Exercise requirements: Of the entries below, return exactly those lines that fall between the one containing "Сковорода с крышкой" and the one containing "Boxer uomo aderenti", the two end lines included.

Stored data:
┄┄┄┄┄┄┄┄┄┄┄┄┄┄┄┄┄┄┄┄
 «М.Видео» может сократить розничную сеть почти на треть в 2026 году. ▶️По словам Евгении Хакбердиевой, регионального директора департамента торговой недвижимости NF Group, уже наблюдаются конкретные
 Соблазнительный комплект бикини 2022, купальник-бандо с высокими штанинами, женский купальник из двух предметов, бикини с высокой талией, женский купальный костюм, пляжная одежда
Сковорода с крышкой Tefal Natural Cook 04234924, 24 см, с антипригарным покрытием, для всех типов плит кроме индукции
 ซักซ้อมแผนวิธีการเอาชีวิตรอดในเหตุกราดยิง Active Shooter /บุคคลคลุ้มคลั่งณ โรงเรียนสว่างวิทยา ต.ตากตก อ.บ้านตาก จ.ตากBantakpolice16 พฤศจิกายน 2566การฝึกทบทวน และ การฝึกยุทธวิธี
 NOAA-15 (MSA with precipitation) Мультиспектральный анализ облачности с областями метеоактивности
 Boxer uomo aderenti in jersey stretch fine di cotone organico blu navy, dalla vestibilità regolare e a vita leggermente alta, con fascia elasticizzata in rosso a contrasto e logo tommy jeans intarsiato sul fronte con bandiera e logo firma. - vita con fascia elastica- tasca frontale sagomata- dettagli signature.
┄┄┄┄┄┄┄┄┄┄┄┄┄┄┄┄┄┄┄┄
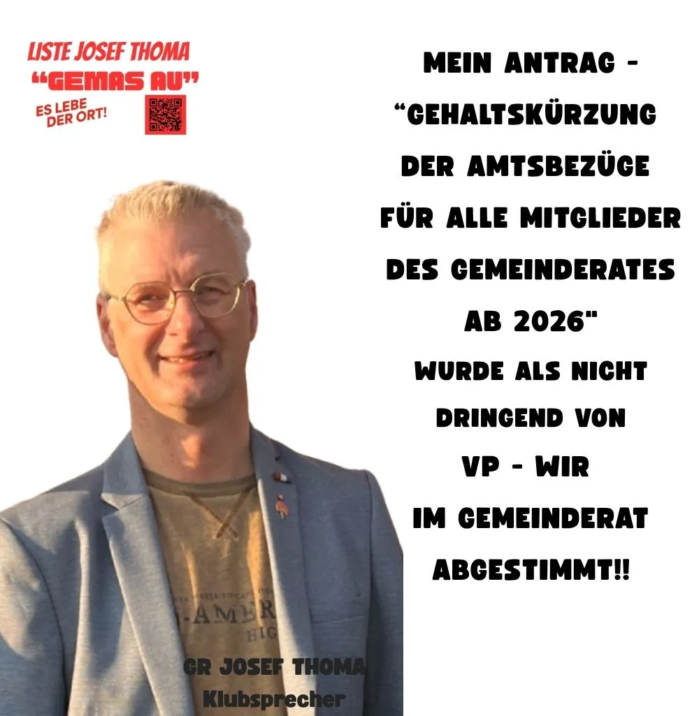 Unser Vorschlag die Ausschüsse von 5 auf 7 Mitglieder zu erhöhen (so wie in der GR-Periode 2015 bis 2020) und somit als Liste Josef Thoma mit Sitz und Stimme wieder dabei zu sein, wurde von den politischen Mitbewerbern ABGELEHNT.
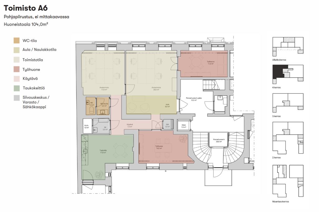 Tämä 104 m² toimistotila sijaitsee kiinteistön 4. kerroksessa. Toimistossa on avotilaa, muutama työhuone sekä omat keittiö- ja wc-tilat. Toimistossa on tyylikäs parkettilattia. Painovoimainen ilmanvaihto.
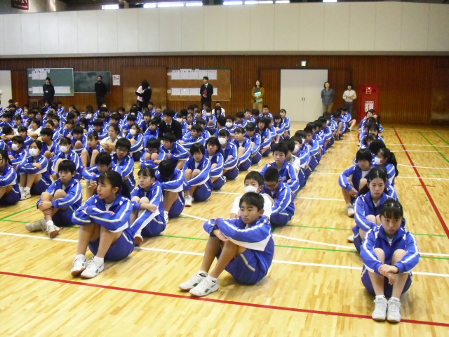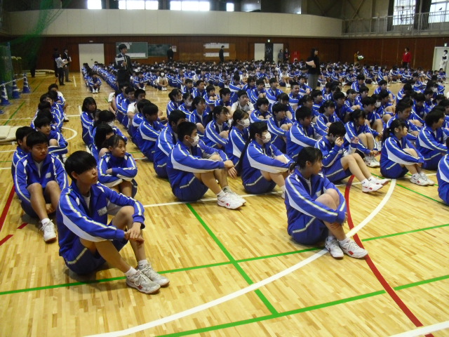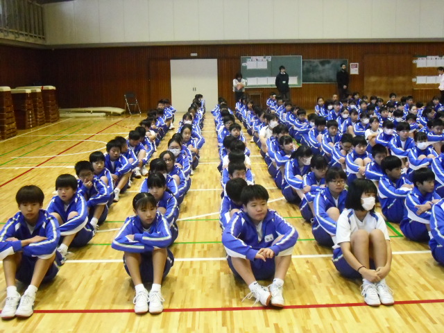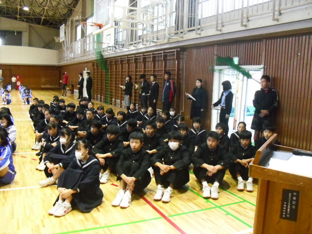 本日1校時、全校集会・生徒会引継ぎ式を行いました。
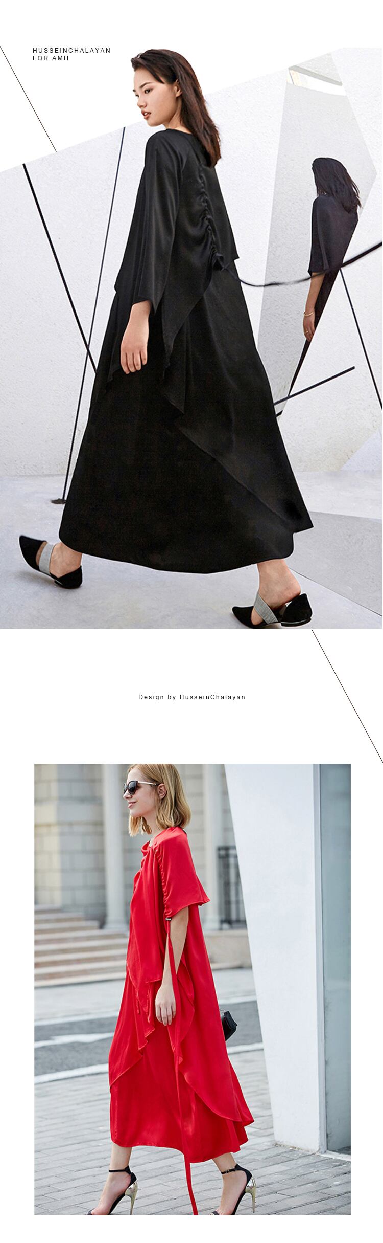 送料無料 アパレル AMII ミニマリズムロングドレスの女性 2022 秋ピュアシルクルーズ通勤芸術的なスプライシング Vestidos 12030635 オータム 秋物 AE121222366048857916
┄┄┄┄┄┄┄┄┄┄┄┄┄┄┄┄┄┄┄┄
Exercise answer:
Сковорода с крышкой Tefal Natural Cook 04234924, 24 см, с антипригарным покрытием, для всех типов плит кроме индукции
 ซักซ้อมแผนวิธีการเอาชีวิตรอดในเหตุกราดยิง Active Shooter /บุคคลคลุ้มคลั่งณ โรงเรียนสว่างวิทยา ต.ตากตก อ.บ้านตาก จ.ตากBantakpolice16 พฤศจิกายน 2566การฝึกทบทวน และ การฝึกยุทธวิธี
 NOAA-15 (MSA with precipitation) Мультиспектральный анализ облачности с областями метеоактивности
 Boxer uomo aderenti in jersey stretch fine di cotone organico blu navy, dalla vestibilità regolare e a vita leggermente alta, con fascia elasticizzata in rosso a contrasto e logo tommy jeans intarsiato sul fronte con bandiera e logo firma. - vita con fascia elastica- tasca frontale sagomata- dettagli signature.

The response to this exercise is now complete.